Using the Thickness of Pedogenic Carbonate Coatings as a Proxy for Ages of Alluvial Fan Abandonment in the Lost River Range of Eastern Idaho
Tributaries Northwest of Mackay, Idaho deliver limestone rich sediment from the Lost River Mountains to the Big Lost River before joining the Snake River south of Arco, Idaho. Numerical 230Th/U ages of pedogenic carbonate samples from trenches on abandoned and incised sheetflood dominated alluvial fans will date the time of fan-surface abandonment.
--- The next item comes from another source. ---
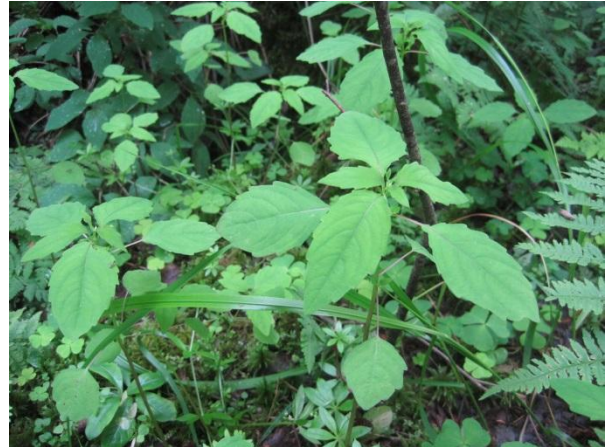
Kuva 128. Lehtopalsami

Calcium carbonate coat thicknesses are most developed in the upper-most B-horizon but depositional periods mixed with longer periods of temporary abandonment may complicate the depth of maximum accumulation.
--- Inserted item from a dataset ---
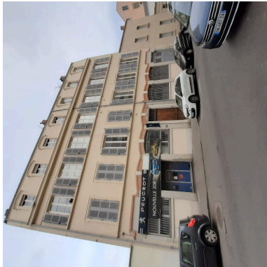
Vue de la façade principale IVR84_20246900053NUCA

IVR84_20246900052NUCA

Coating thicknesses as a function of depth were measured in a soil profile developed on the Late Pleistocene, Ramshorn fan consisting of coarse sand to cobble size clasts overlain by loess. The CaCO3 coating thicknesses measured from six distinct zones within the subdivided B-horizon can be used to illustrate the zone of maximum accumulation and the downward thinning of coats there after. Depths of 90-100, 100-110,110-125, 125-140, 140-150,and 150-165 cm resulted in coating thicknesses of 1.1±0.7, 1.2±0.4, 0.9±0.2, 0.4±0.2, 0.8±0.3, and 0.5±0.5 mm respectively.
Sites judged most stable will compare numerical ages with pedogenic carbonate coating thicknesses to create a soil chronosequence for the Lost River fans. Calcium carbonate coating thickness will be calibrated using U-series dating of the innermost coatings of milligram-size samples of carbonate analyzed by mass spectrometry.